PROBLEM DETAILS =>
Print the lines in the listing below that fall between the line with "Behind a declaration" and the line with "Mesmo com a", those two lines included, exactly as they stand and with nothing else.

RAW DATA =>
........
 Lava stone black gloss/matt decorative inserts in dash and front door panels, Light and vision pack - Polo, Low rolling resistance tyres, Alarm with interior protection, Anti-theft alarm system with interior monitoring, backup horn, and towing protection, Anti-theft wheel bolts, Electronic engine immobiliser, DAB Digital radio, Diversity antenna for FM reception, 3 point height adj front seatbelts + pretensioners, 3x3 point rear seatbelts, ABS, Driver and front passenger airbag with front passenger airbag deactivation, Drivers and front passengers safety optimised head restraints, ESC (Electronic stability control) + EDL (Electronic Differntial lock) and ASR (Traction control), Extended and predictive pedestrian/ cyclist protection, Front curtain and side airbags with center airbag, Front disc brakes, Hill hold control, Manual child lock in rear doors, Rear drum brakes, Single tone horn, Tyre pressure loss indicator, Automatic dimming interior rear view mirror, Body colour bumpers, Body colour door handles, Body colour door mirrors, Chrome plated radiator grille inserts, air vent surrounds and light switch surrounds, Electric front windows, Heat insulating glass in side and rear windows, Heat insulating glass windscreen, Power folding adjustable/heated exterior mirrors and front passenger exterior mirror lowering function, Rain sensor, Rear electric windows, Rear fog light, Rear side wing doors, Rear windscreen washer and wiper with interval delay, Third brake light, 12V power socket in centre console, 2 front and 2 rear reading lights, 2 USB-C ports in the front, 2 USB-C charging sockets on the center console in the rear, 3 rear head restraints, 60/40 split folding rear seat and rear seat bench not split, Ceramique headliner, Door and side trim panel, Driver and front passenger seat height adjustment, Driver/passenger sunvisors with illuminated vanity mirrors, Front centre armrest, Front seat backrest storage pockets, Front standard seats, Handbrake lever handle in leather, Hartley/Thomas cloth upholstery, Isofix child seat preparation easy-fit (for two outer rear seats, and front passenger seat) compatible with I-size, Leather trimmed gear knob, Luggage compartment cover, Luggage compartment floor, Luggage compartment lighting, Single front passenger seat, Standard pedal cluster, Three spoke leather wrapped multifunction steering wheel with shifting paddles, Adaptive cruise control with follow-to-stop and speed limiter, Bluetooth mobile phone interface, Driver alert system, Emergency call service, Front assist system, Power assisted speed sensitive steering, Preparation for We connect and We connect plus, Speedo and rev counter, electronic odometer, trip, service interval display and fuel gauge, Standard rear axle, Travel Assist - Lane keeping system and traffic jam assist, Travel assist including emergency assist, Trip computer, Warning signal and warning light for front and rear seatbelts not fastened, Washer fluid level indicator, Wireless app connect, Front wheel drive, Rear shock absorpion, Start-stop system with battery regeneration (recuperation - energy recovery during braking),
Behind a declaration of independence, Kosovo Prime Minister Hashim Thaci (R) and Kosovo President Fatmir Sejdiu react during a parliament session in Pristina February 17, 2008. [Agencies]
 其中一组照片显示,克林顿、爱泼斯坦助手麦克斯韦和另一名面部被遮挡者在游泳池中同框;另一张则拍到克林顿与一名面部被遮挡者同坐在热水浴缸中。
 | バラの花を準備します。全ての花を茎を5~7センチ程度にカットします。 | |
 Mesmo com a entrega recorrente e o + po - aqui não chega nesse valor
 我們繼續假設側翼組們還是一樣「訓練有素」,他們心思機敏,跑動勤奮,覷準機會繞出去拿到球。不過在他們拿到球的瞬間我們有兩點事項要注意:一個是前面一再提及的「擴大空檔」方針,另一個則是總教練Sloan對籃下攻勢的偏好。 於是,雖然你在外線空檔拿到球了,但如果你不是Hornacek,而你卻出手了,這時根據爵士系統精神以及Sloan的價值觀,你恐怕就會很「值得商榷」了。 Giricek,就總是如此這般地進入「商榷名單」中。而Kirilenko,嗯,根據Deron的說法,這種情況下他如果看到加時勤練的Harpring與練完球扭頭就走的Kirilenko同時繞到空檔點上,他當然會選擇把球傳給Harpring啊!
........
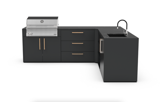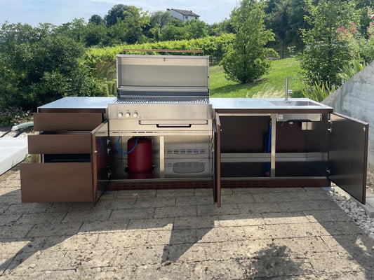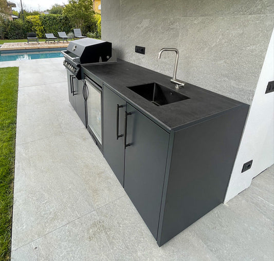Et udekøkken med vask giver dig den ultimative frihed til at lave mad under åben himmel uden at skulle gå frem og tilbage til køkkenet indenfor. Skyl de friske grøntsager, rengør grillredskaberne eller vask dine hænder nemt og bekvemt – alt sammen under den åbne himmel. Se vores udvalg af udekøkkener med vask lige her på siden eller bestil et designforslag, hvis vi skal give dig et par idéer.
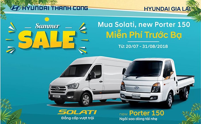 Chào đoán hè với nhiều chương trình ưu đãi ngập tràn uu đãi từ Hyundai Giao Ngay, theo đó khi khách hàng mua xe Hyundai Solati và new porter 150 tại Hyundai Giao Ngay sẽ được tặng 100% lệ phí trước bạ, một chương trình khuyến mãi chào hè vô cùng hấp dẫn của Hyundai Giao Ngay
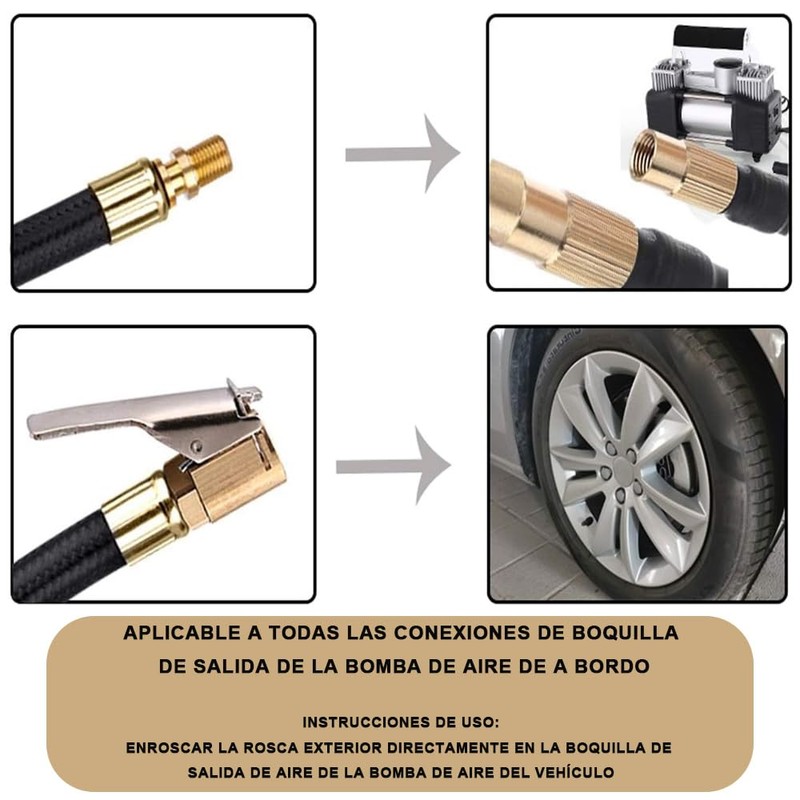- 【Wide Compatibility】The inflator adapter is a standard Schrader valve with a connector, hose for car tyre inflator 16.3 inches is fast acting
........
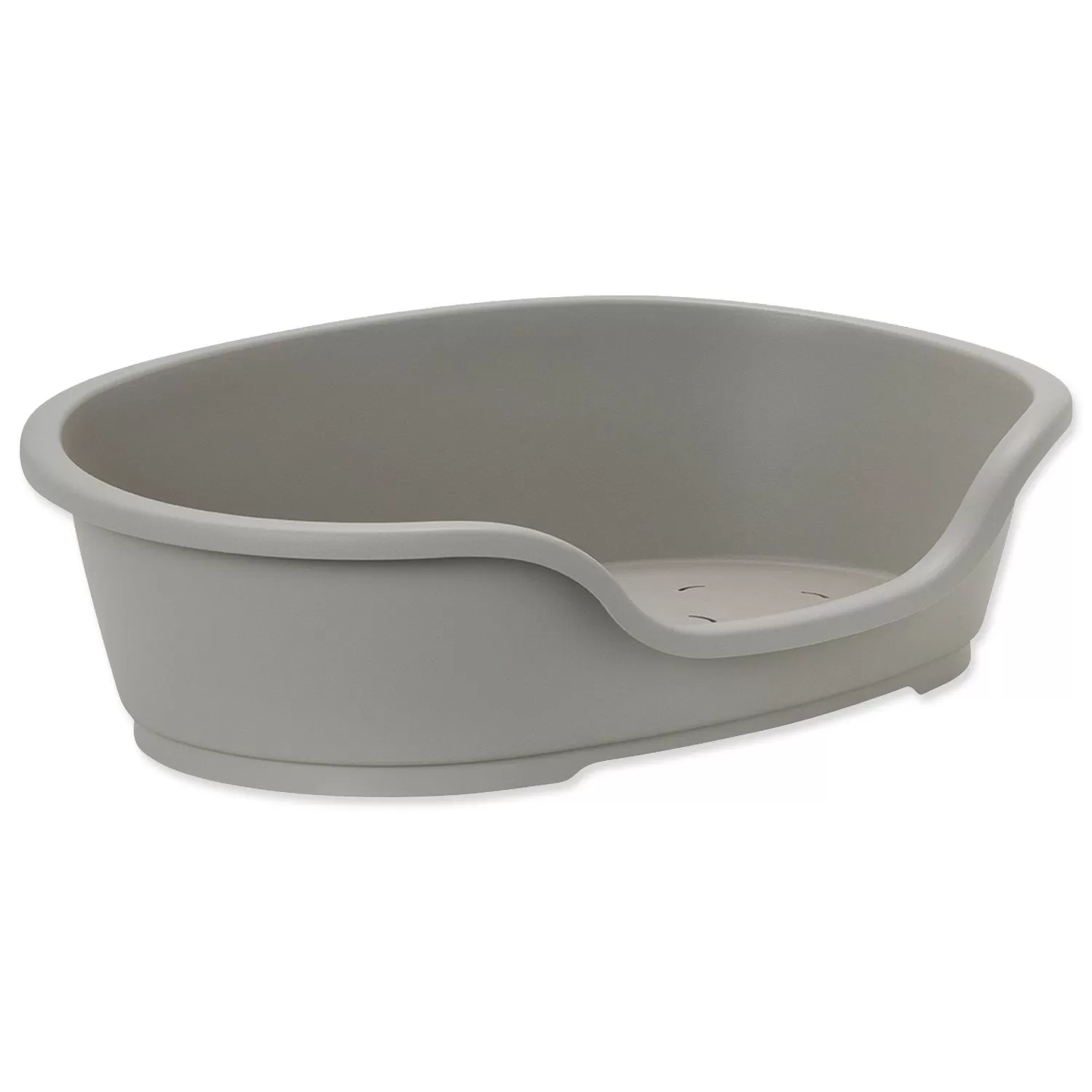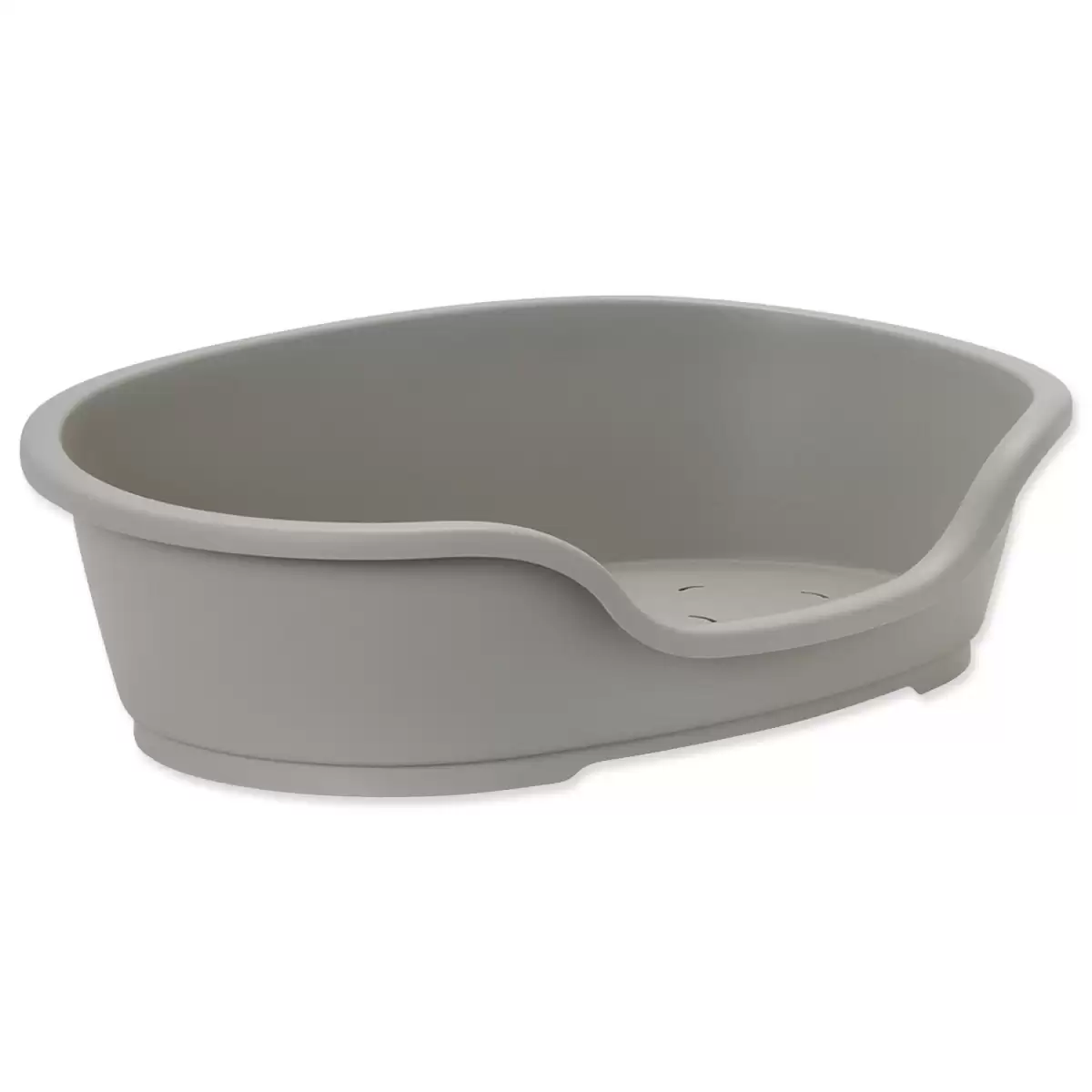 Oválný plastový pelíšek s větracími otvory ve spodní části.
........
TASK ANSWER =>
Behind a declaration of independence, Kosovo Prime Minister Hashim Thaci (R) and Kosovo President Fatmir Sejdiu react during a parliament session in Pristina February 17, 2008. [Agencies]
 其中一组照片显示,克林顿、爱泼斯坦助手麦克斯韦和另一名面部被遮挡者在游泳池中同框;另一张则拍到克林顿与一名面部被遮挡者同坐在热水浴缸中。
 | バラの花を準備します。全ての花を茎を5~7センチ程度にカットします。 | |
 Mesmo com a entrega recorrente e o + po - aqui não chega nesse valor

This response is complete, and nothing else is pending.